Toch heeft het weergeven van de landschapsontwikkelingen door middel van cross sections zijn beperkingen. De beelden die men oproept zijn statisch. Het eigenlijke wordingsproces is er niet in te vangen en ook weet men niet in welke mate er overlappingen optreden: de evolutie van de diverse landschapseenheden vindt niet in hetzelfde tempo plaats. Men tracht aan deze bezwaren tegemoet te komen door naast de cross sections een overzicht te geven van de krachten die door de tijd heen werkzaam zijn geweest en waardoor de doorsneden enigszins met elkaar in verband worden gebracht.
Een andere vorm van onderzoek in de historische geografie wordt gevormd door de typologisch-comparatieve methode. Bij de deelstructuren van een cultuurlandschap kunnen, al naar gelang de ruimtelijke rangschikking van de structuurelementen (individuele landschapsobjecten), diverse patronen worden onderscheiden die weer in te delen zijn naar typen. Met name voor de nederzettingspatronen en de percelering zijn meer of minder uitgesponnen typologieën uitgewerkt, die als basis kunnen fungeren voor vergelijkend onderzoek, de typologisch-comparatieve methode. Men onderscheidt monothematische (typologieën waarbij één aspect van het cultuurlandschap centraal staat) en polythematische typologieën (deze behandelen meer dan één aspect, of ze hebben betrekking op cultuurlandschappen in hun totaliteit).
Bij de typologisch-comparatieve methode staat de vormgeving van de deelstructuren voorop. Men gaat daarbij uit van twee vooronderstellingen, namelijk dat de vormgeving iets zegt over de ontstaanswijze en de ouderdom, en dat vormovereenkomst ook op een identieke ontstaanswijze wijst. De typologisch-comparatieve methode levert een aanzienlijke tijdsbesparing op en kan leiden tot goede resultaten (Vervloet, 1984).

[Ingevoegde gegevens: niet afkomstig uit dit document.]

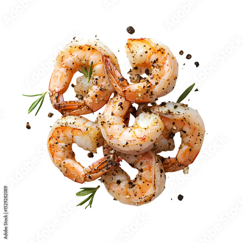 shrimp, seafood, cookery, culinary, food photography, food, delicious, dinner, receipe, cooking, grilled, seared, pepper, black pepper, rosemary, herb, aromatic, spice, favor, tasty, epicure, eatery, menu, dish, white background, isolated, closeup, topview, gastronomy
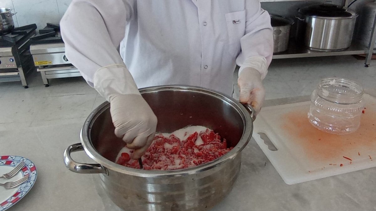 Reçeli hem acı hem de tatlı biberden yaptıklarını söyleyen Dağ, "Biberlerimizi yıkayıp ince ince doğradıktan sonra şekerle beraber tencereye koyuyoruz. İki saat bir süre bekledikten sonra, suyunu bırakıyor. Onu suyu ile beraber kaynatıyoruz, kıvamını aldıktan sonra hazır hale geliyor. Piştikten sonra onu kavanozlara doldurup, havasını alıp satışa hazır hale getiriyoruz. Bu reçelin özelliği acı biber ile yapılmasıdır.” dedi.

Voor het onderzoek naar cultuurhistorische landschapselementen lijkt de retrogressieve methode het meest geschikt. De situatie van het cultuurlandschap op een bepaald moment in het verleden wordt onderzocht en er zijn voldoende elementen aanwezig die als informatiebron hiervoor kunnen dienen. In het geval dat er geen relicten meer aanwezig zijn wordt er teruggevallen op kaartmateriaal en archiefstukken. Ook zal in een gedeelte van het onderzoek gebruik worden gemaakt van cross sections om een indruk te geven van de ontwikkelingen van het gebied in het verleden en van de typologisch-comparatieve methode om elementen met bepaalde patronen te kunnen onderscheiden.
De fysische afbakening van het te onderzoeken gebied is hoofdzakelijk van menselijke aard en wordt aan de oostzijde gevormd door de A50 die van Arnhem naar Apeldoorn
loopt, aan de zuidzijde door de A12 die vanuit Utrecht in de richting Duitsland werd aangelegd en aan de westzijde door de N310.

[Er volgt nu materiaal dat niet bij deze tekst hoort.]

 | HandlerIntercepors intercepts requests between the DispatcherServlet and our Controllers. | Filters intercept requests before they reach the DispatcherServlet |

Deze weg loopt om het nationale park De Hoge Veluwe heen in de richting van Otterlo. Halverwege buigt de begrenzing naar rechts af door het park en komt ter hoogte van het zweefvliegveld Terlet weer uit op de A50 (fig.2). Door de begrenzing op deze manier te kiezen kan men het gebied scherp afbakenen en is er een grotere kans om historisch geografische objecten in het onderzoek te betrekken.

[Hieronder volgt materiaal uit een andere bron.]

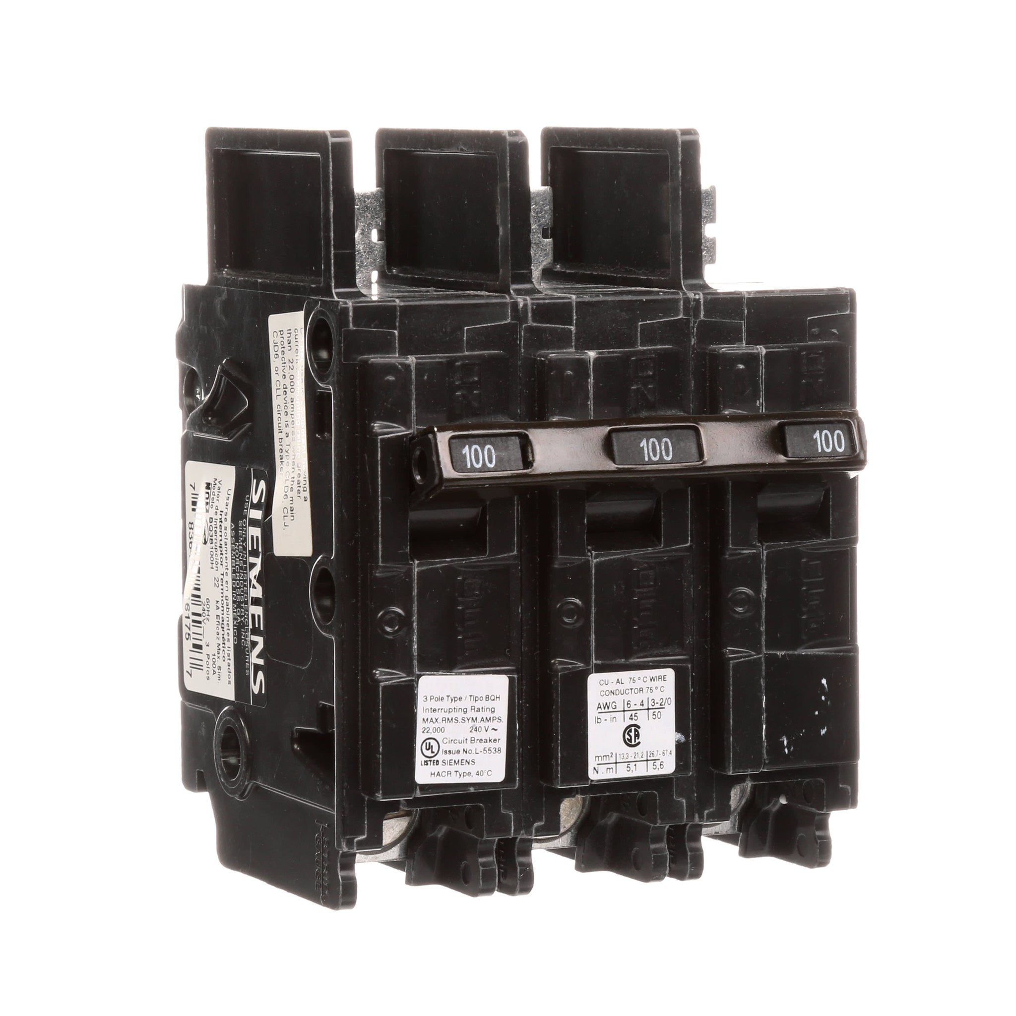 All BQ/BQH/HBQ circuit breakers are supplied with load side lugs. All standard circuit breakers are calibrated for 40°C maximum ambient application.

In het afgebakende gebied ligt het nationale park ‘De Hoge Veluwe’, vliegveld Deelen, het zweefvliegveld Terlet, enkele militaire terreinen en een asielzoekerscentrum.
Hoewel het te onderzoeken gebied dicht in de buurt van Arnhem ligt behoort het voor het grootste deel tot de gemeente Ede en is het gelegen in het zuidelijke deel van de Veluwe.
Kijkt men op de geomorfologische kaart dan ziet men dat de begrenzingen aan de oost en zuidzijde gevormd worden door de in de Saale ijstijd gevormde stuwwal van de oostelijke Veluwe en de stuwwal van Arnhem welke vanaf het te onderzoeken gebied langzaam afloopt naar het stroomgebied van de Rijn (fig.3).